BRIEF: Using the data below, output a verbatim copy of the lines between the one holding "Dubbel staand geboortekaartje" and the one holding "Hai HLV bóng", inclusive, without any pictures.

Collected data:
***

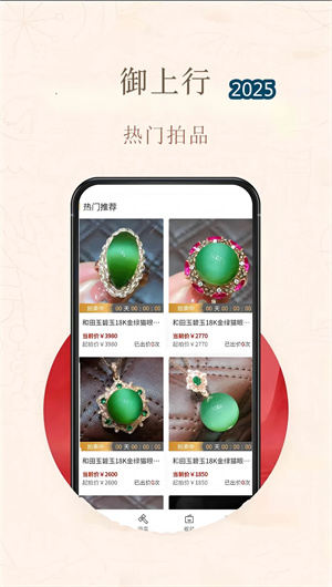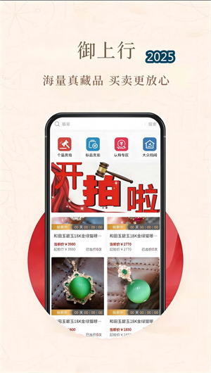 御上行App是专注于珠宝玉石、文化艺术品、大健康产品与地标农副产品四大核心领域的创新型数字平台,构建了集O2O拍卖、专业品鉴与文化传播于一体的新零售共享生态系统。平台以"人人参与"为核心理念,通过创新性地融合线上直播拍卖与线下体验中心,打造出兼具趣味性、赏识性、效益性与共享性的全新交易模式。平台深度整合供应链资源,显著简化传统商品流通环节,依托专业的品鉴团队和权威的鉴定体系,确保每件商品的真伪与品质。目前,平台已建立起完整的数字藏品档案库、智能估价系统和沉浸式展示平台,让收藏爱好者能够便捷地收藏到心仪珍品,真正实现"人人可握灵蛇之珠,家家可抱荆山之玉"的收藏理想。
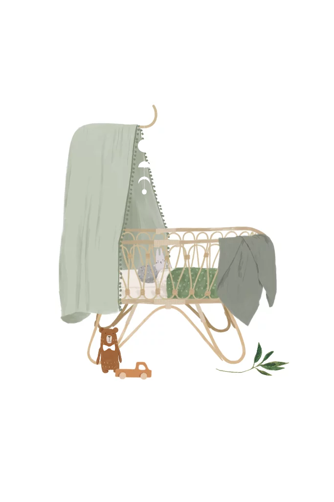 Dubbel staand geboortekaartje met een rotan wiegje en goudfolie.
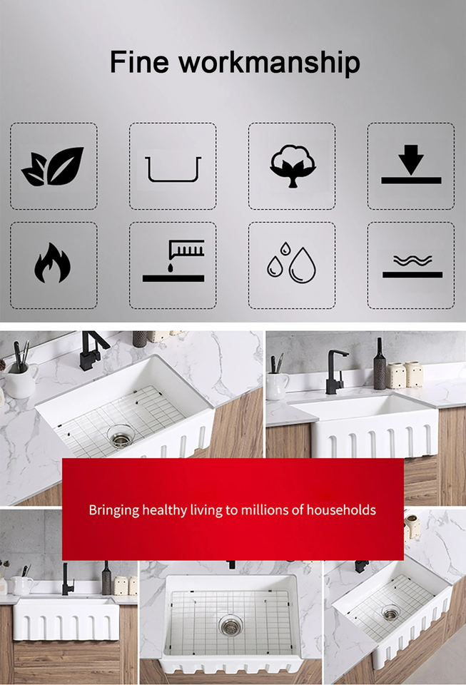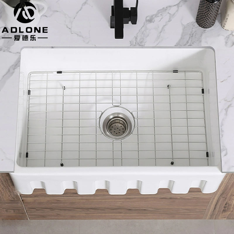 Fregadero de cocina de un solo lavabo de granja blanco de 33 pulgadas, cerámica de arcilla refractaria con Material de acero inoxidable, estilo de granja
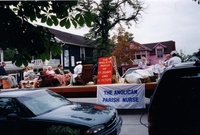A 1997 Agricultural Society parade float traveling through Queen Street in Cookstown. The float is being pulled by a
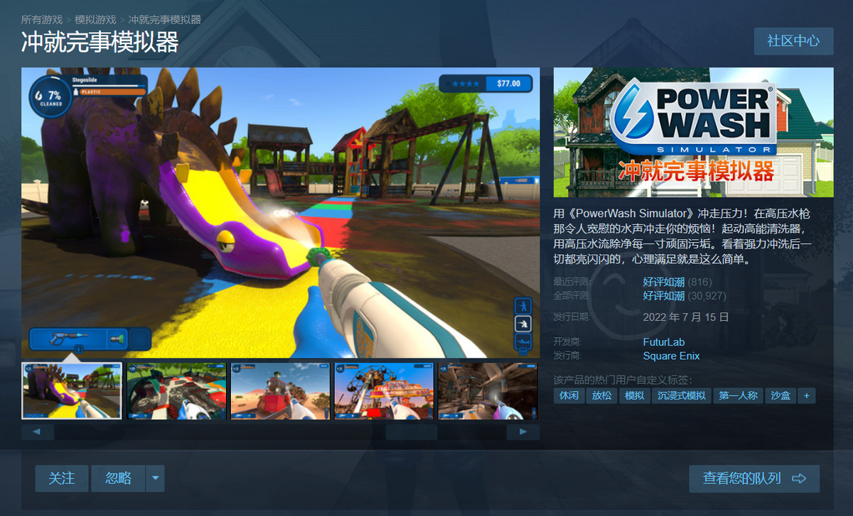 《高压水泵模拟器》是一款由FuturLab开发,Square Enix在Steam上发行的休闲且解压的清洁工模拟游戏。
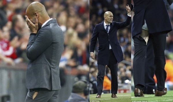 Hai HLV bóng đá nổi tiếng Zidane và Pep Guardiola với sự cố rách quần khi đang chỉ đạo trên sân.
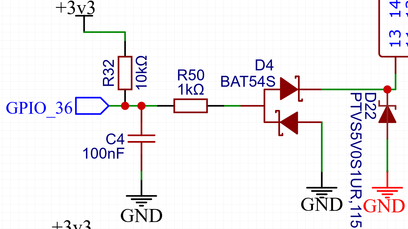 So anyway, Iâd be ok with just adding a decent sized 24V TVS like a 400W SMA part to that part of the circuit and calling it a day. If it were me Iâd probably swap the diode array for a single SOD-123 diode and up the voltage to 60-70V for a bit more voltage withstand. Iâd rearrange the circuit so it went Input connector â TVS cathode â single schottky diode â filter resistor â filter capacitor â pull up â ESP32 pin.
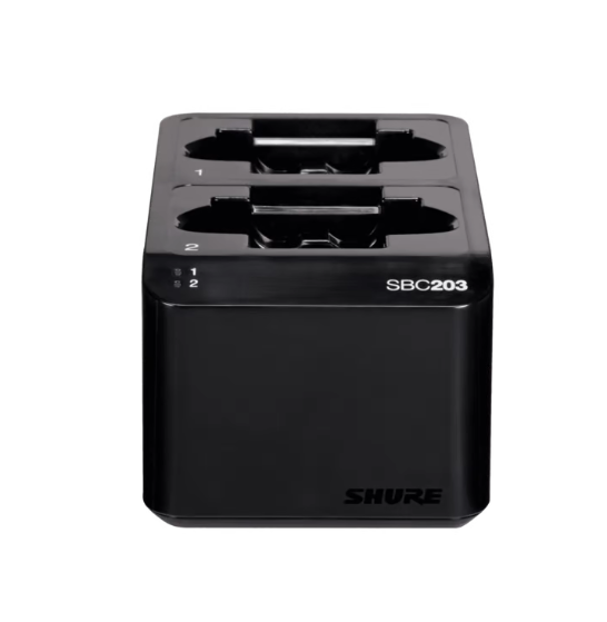 Kaksoistelakkalatausasema lataa kahta SB903-litiumioniakkua lähettimessä tai sen ulkopuolella.
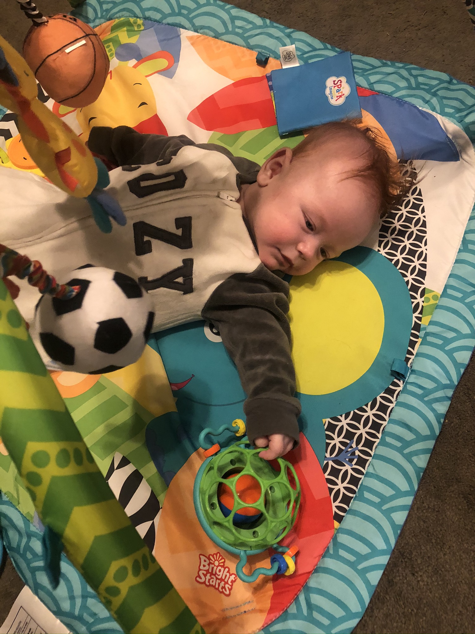 That would be something at 3 1/2 months. He did intentionally grab a toy and shake it today for the first time
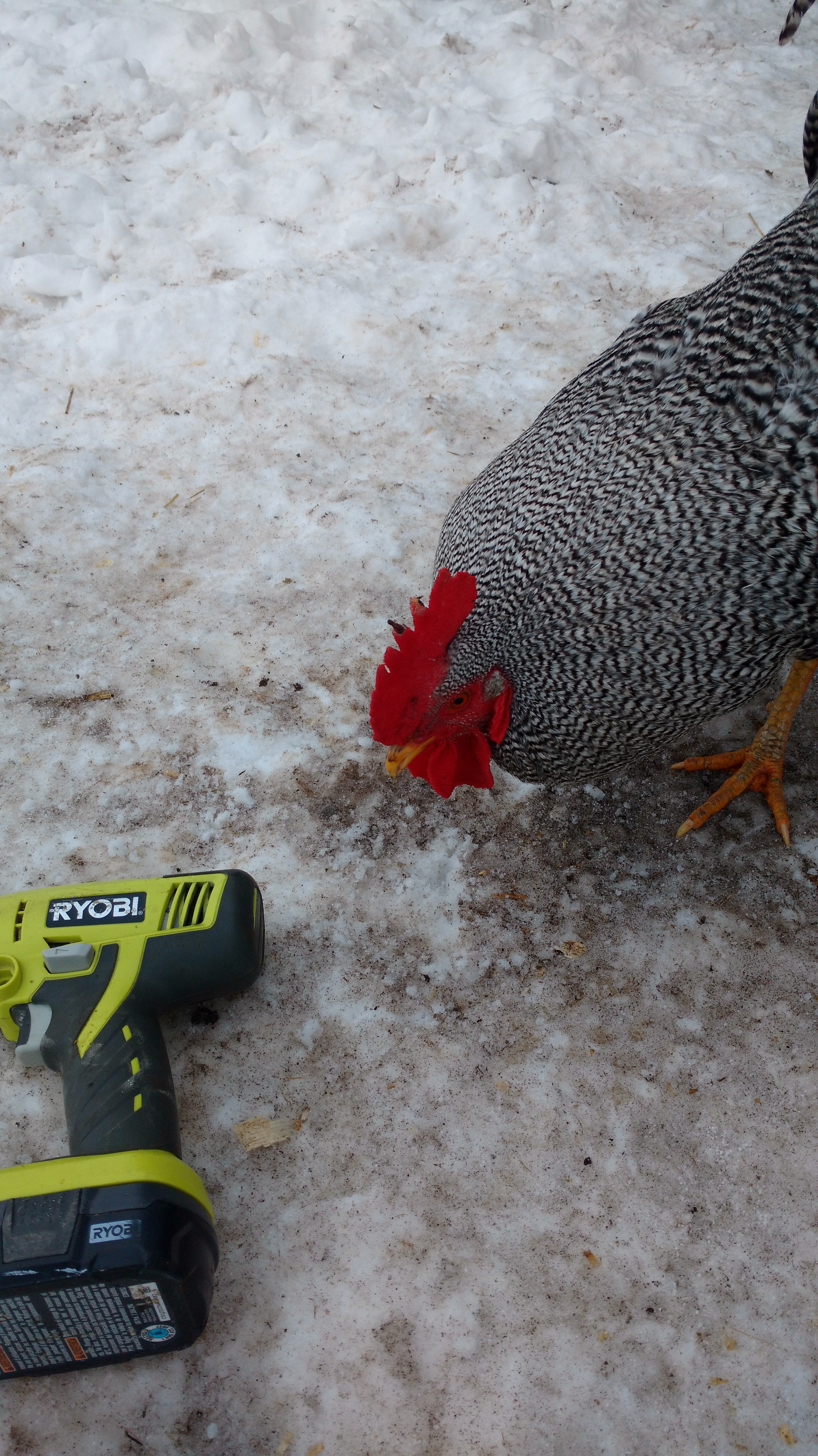Okay...its rarely even been below zero here this winter..i think maybe -6 was the coldest so far at night...im discounting frostbite, especially in the coop as its well built, ventilated properly etc etc....but could you folks look closely at Earl's comb and make a suggestion as to what might be happening....its like the fleshy part of his comb has melted away to a core bit..all black...and yes, he's attacking my drill...lol...hes a feisty lad...
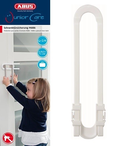 Dětská pojistka proti přivření prstů MARA je vhodná pro dvířka s úchyty. Umožňuje snadnou instalaci bez nutnosti vrtání a použití šroubů nebo lepidla.
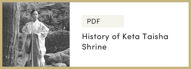 Keta Taisha is believed to have existed in some form for over 2,000 years. Its name is first found in the eighth-century Man’yoshu, the earliest collection of Japanese poetry. The oldest structures standing today include the shinmon gate from 1584 and the haiden worship hall from 1654.
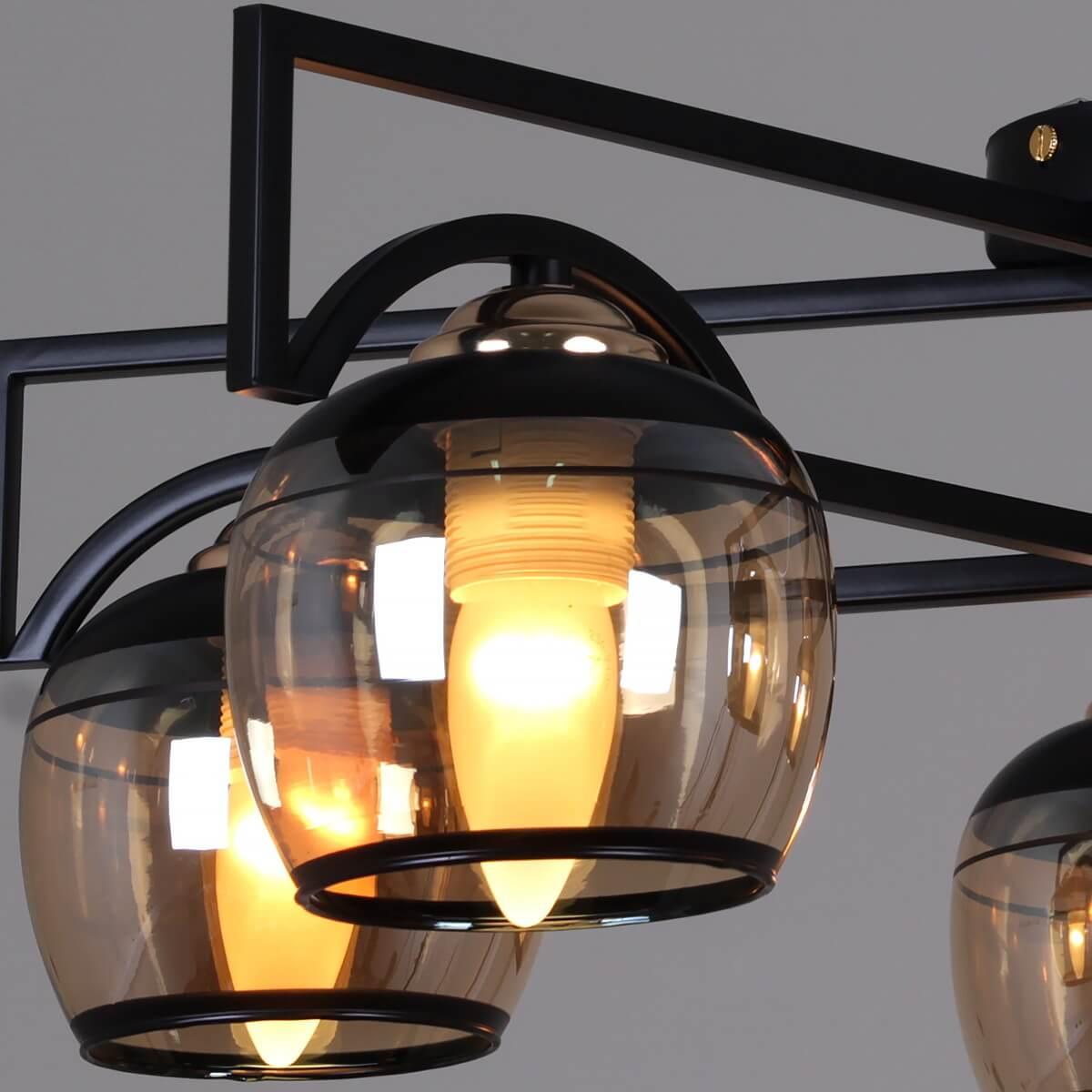 Производитель светильника рекомендует для устройства 5 ламп накаливания с цоколем E27 и мощностью 60 W, что позволит осветить помещение площадью 40 кв.м. Габариты изделия: высота – 210 мм, диаметр – мм.

***

TASK SOLUTION:
 Dubbel staand geboortekaartje met een rotan wiegje en goudfolie.
 Fregadero de cocina de un solo lavabo de granja blanco de 33 pulgadas, cerámica de arcilla refractaria con Material de acero inoxidable, estilo de granja
A 1997 Agricultural Society parade float traveling through Queen Street in Cookstown. The float is being pulled by a
 《高压水泵模拟器》是一款由FuturLab开发,Square Enix在Steam上发行的休闲且解压的清洁工模拟游戏。
 Hai HLV bóng đá nổi tiếng Zidane và Pep Guardiola với sự cố rách quần khi đang chỉ đạo trên sân.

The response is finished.